[Start of Attachment]

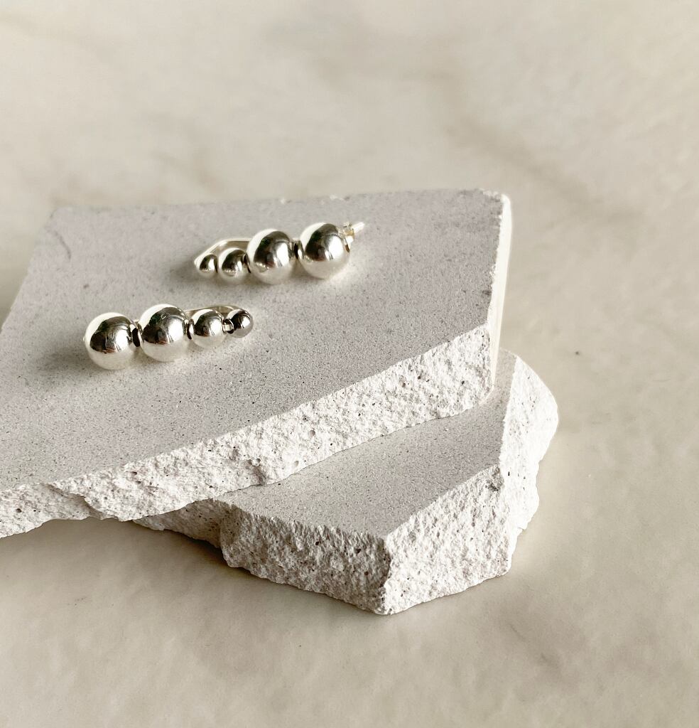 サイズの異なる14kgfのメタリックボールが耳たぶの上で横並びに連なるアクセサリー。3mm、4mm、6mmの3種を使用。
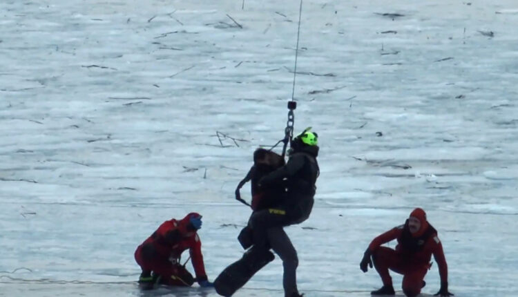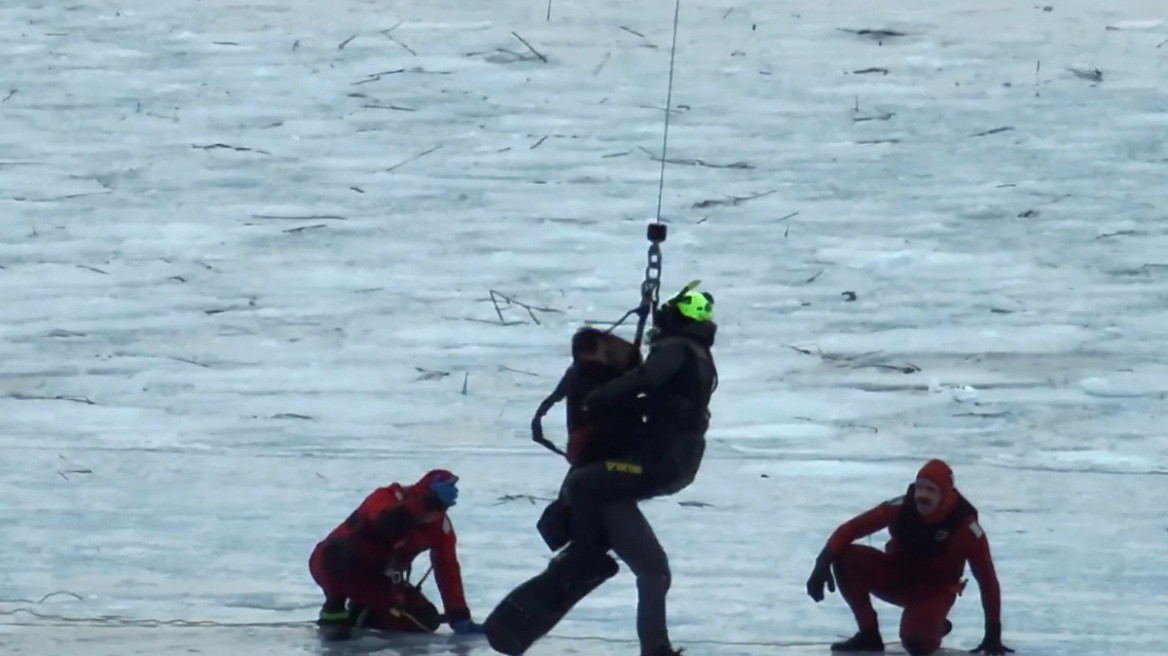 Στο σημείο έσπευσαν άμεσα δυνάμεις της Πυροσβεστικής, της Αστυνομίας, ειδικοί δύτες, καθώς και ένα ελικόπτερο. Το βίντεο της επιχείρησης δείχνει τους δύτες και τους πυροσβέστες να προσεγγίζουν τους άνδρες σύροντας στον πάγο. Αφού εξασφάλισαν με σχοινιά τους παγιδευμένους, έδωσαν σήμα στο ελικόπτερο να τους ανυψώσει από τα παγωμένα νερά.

[End of Attachment]
[Start of Attachment]

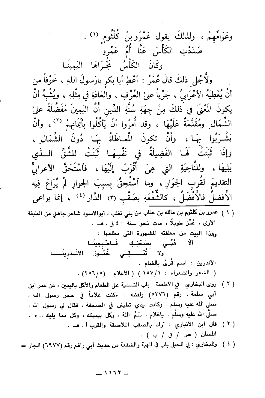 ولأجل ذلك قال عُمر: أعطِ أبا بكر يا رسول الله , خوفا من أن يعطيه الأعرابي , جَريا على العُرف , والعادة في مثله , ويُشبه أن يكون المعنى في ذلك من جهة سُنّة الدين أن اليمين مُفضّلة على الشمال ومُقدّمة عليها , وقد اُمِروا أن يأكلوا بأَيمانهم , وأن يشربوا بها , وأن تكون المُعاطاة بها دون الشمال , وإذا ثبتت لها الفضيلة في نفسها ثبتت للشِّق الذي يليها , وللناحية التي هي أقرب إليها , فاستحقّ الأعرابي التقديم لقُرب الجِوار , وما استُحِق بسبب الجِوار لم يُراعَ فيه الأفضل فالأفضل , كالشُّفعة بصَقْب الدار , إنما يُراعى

[End of Attachment]

(Work to be completed): Write back the stretch of lines above that begins with the line holding "サイズの異なる14kgfのメ" and ends with the line holding "Στο σημείο έσπευσαν", both included, exactly as written. Pictures stay out.

(Written solution):
 サイズの異なる14kgfのメタリックボールが耳たぶの上で横並びに連なるアクセサリー。3mm、4mm、6mmの3種を使用。
 Στο σημείο έσπευσαν άμεσα δυνάμεις της Πυροσβεστικής, της Αστυνομίας, ειδικοί δύτες, καθώς και ένα ελικόπτερο. Το βίντεο της επιχείρησης δείχνει τους δύτες και τους πυροσβέστες να προσεγγίζουν τους άνδρες σύροντας στον πάγο. Αφού εξασφάλισαν με σχοινιά τους παγιδευμένους, έδωσαν σήμα στο ελικόπτερο να τους ανυψώσει από τα παγωμένα νερά.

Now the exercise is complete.